* Assigned task: Return every entry exactly as written, with the pictures removed.
Listed records Start Marker
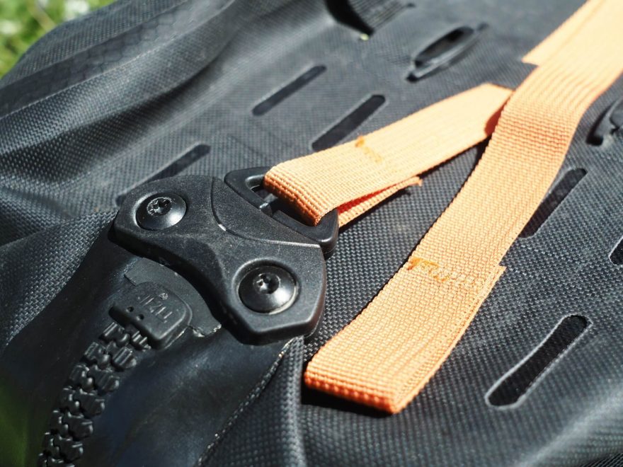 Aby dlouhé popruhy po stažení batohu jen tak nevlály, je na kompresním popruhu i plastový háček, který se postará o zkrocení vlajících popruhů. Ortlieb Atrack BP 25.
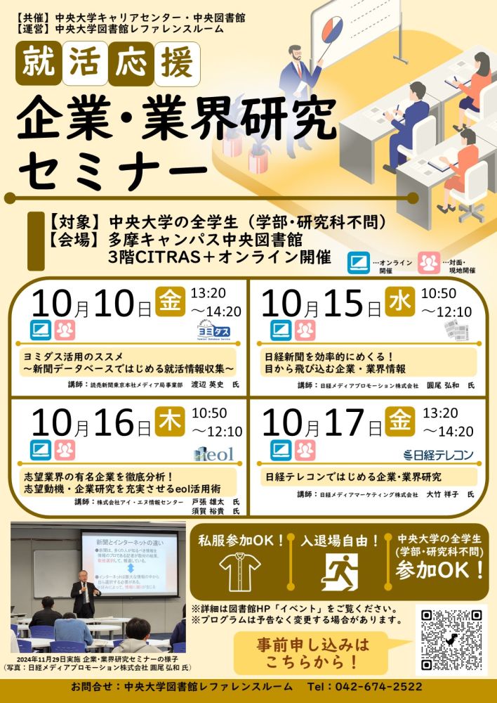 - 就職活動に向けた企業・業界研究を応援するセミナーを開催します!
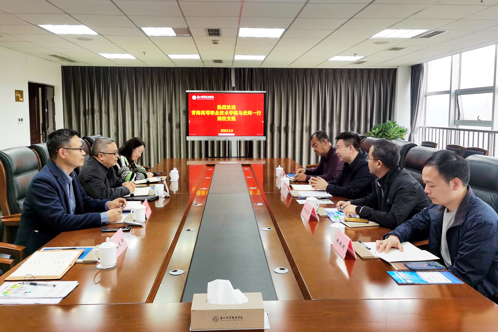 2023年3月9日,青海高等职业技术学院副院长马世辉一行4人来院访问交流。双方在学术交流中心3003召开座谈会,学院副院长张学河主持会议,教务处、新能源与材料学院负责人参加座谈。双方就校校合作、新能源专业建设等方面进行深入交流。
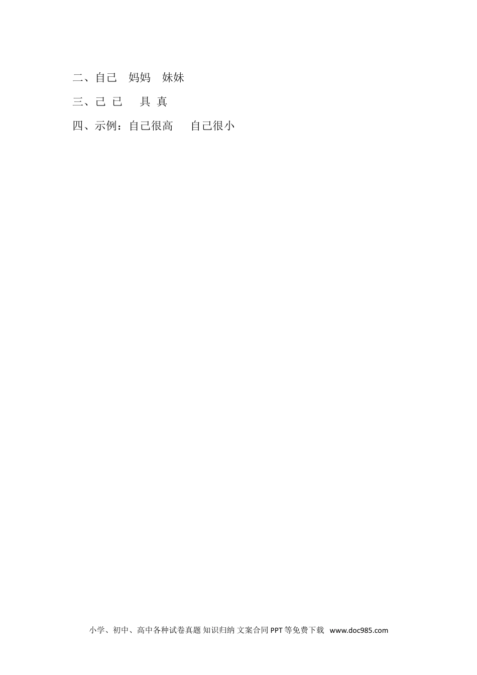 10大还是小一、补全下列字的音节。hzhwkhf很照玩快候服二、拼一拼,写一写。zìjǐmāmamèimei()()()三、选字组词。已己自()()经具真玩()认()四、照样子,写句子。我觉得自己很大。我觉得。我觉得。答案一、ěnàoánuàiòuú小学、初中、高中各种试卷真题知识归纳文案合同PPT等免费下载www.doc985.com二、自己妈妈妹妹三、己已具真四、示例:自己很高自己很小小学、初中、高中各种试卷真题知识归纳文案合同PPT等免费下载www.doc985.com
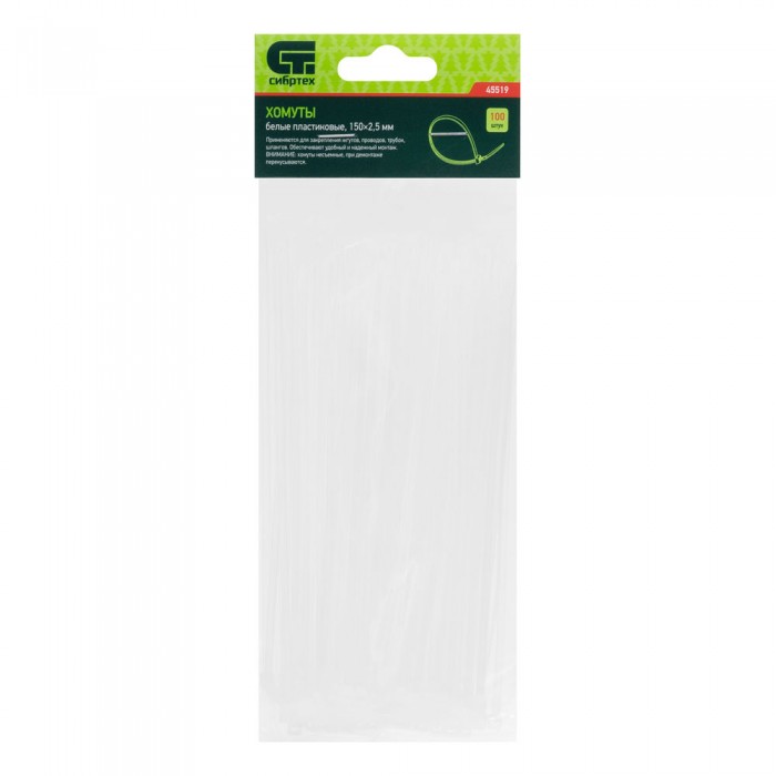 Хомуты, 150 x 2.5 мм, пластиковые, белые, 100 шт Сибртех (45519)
Listed records End Marker
* Problem solution:
 Aby dlouhé popruhy po stažení batohu jen tak nevlály, je na kompresním popruhu i plastový háček, který se postará o zkrocení vlajících popruhů. Ortlieb Atrack BP 25.
 - 就職活動に向けた企業・業界研究を応援するセミナーを開催します!
 2023年3月9日,青海高等职业技术学院副院长马世辉一行4人来院访问交流。双方在学术交流中心3003召开座谈会,学院副院长张学河主持会议,教务处、新能源与材料学院负责人参加座谈。双方就校校合作、新能源专业建设等方面进行深入交流。
 10大还是小一、补全下列字的音节。hzhwkhf很照玩快候服二、拼一拼,写一写。zìjǐmāmamèimei()()()三、选字组词。已己自()()经具真玩()认()四、照样子,写句子。我觉得自己很大。我觉得。我觉得。答案一、ěnàoánuàiòuú小学、初中、高中各种试卷真题知识归纳文案合同PPT等免费下载www.doc985.com二、自己妈妈妹妹三、己已具真四、示例:自己很高自己很小小学、初中、高中各种试卷真题知识归纳文案合同PPT等免费下载www.doc985.com
 Хомуты, 150 x 2.5 мм, пластиковые, белые, 100 шт Сибртех (45519)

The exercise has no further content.